Purport of claim and appeal

The first instance court.

Reasons

1. The reasons stated in this subsection are the same as the corresponding part of the second to fourth of the judgment of the court of first instance. Thus, this Court shall accept it as it is in accordance with the main sentence of Article 420 of the Civil Procedure Act.

2. Determination on the cause of the claim

A. The Plaintiff asserted that the Plaintiff invested KRW 100 million in accordance with Article 1 of the instant trade agreement, but completed the distribution of the Defendant and the remaining property by dividing the clothing purchased with the said investment deposit from May 2010 by the Defendant’s mother E and 1/2.

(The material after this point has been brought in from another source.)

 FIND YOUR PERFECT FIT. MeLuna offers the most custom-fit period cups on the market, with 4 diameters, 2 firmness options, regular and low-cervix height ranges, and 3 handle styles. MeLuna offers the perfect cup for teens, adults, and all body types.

However, since the defendant collected and retained 100 million won of the deposit money of the store of this case invested pursuant to Article 3 of the business partnership contract of this case, it is obligated to pay 1/2 of the remaining assets to the plaintiff as a distribution of remaining assets after the contract of this case is terminated.

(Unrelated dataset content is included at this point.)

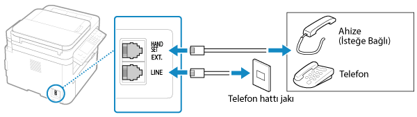 İsteğe bağlı ahizeyi veya telefonu, makinedeki ahize jakına (AHİZE) / harici telefon jakına (EXT.) bağlayın.

B. First of all, in order for the Plaintiff to seek payment of KRW 50 million out of the deposited money in the instant store as a claim for distribution of remaining property after the completion of the partnership relationship, the Defendant should be recognized to have recovered KRW 100 million from the deposited money in the instant store. Since the Defendant did not actually pay KRW 100 million to E, it is found that the Defendant and the Defendant did not actually receive KRW 100 million (see, e.g., Supreme Court Decision 200 million; 200 million should be seen as collecting the deposited money even if the Plaintiff acknowledged that the Defendant and E did not actually receive KRW 100 million, and the Defendant agreed to invest KRW 100 million in Article 3 of the instant partnership agreement, which is the owner of the instant store, and concluded and terminated the instant store lease contract with KRW 100,000,000,000,000,000,0000,00

There is no evidence to acknowledge that the Defendant was holding the deposit amount of KRW 100 million.